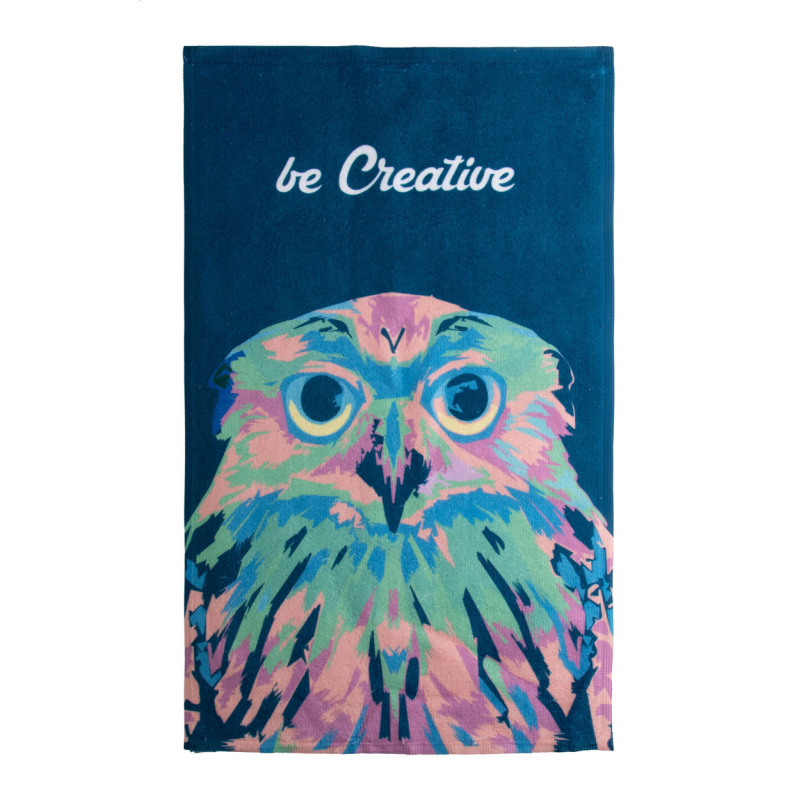 Kétrétegű törölköző egy oldalon szublimációs technológiával emblémázva.
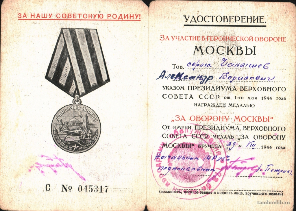 Сержант радио-киномеханик. Родился 16 мая 1920 г. (по паспорту 16 мая 1918 г.) в с. Татарщино Рассказовского района Тамбовской области. Был призван в мае 1938 г. Тамбовским ГВК. Был ранен в 1942 г. Демобилизован 23 ноября 1945 г. Награждён медалями «За боевые заслуги», «За оборону Москвы», «За взятие Кенигсберга», «За оборону Ленинграда». В послевоенное время работал киномехаником, затем начальником Тамбовского кинопрокатного пункта. Умер 26 июля 1960 г.28 августа 1944 ТОУНБ Документ
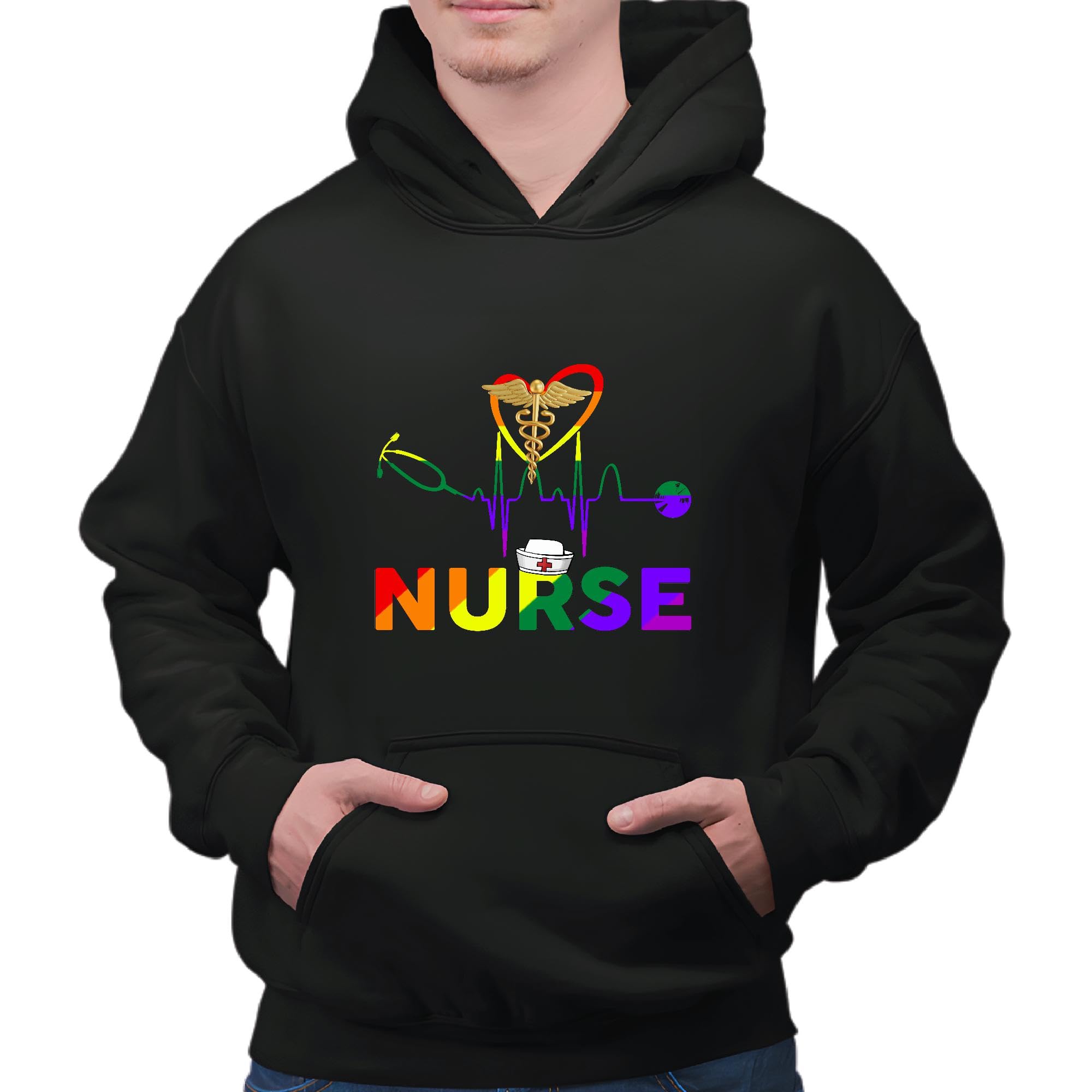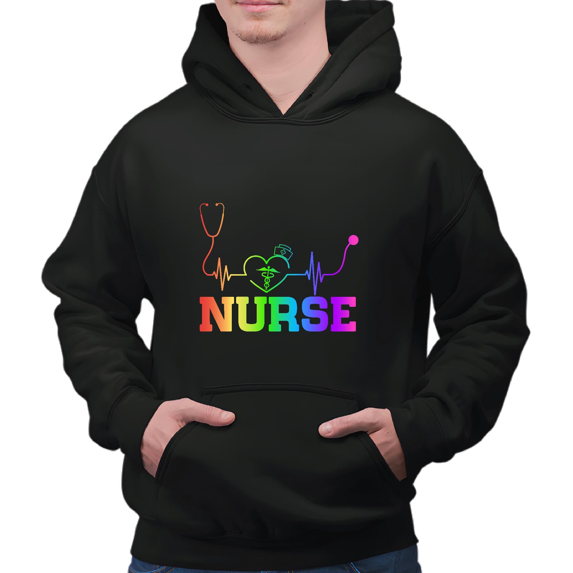 Nurse LGBTQ Gay Pride Rainbow Flag Gift idea for Registered Nursing RN Black and Muticolor Unisex Hoodie

————————

**Instructions to follow:**
Return each line above word for word. Skip the pictures.

**Output of the task:**
 Kétrétegű törölköző egy oldalon szublimációs technológiával emblémázva.
 Сержант радио-киномеханик. Родился 16 мая 1920 г. (по паспорту 16 мая 1918 г.) в с. Татарщино Рассказовского района Тамбовской области. Был призван в мае 1938 г. Тамбовским ГВК. Был ранен в 1942 г. Демобилизован 23 ноября 1945 г. Награждён медалями «За боевые заслуги», «За оборону Москвы», «За взятие Кенигсберга», «За оборону Ленинграда». В послевоенное время работал киномехаником, затем начальником Тамбовского кинопрокатного пункта. Умер 26 июля 1960 г.28 августа 1944 ТОУНБ Документ
 Nurse LGBTQ Gay Pride Rainbow Flag Gift idea for Registered Nursing RN Black and Muticolor Unisex Hoodie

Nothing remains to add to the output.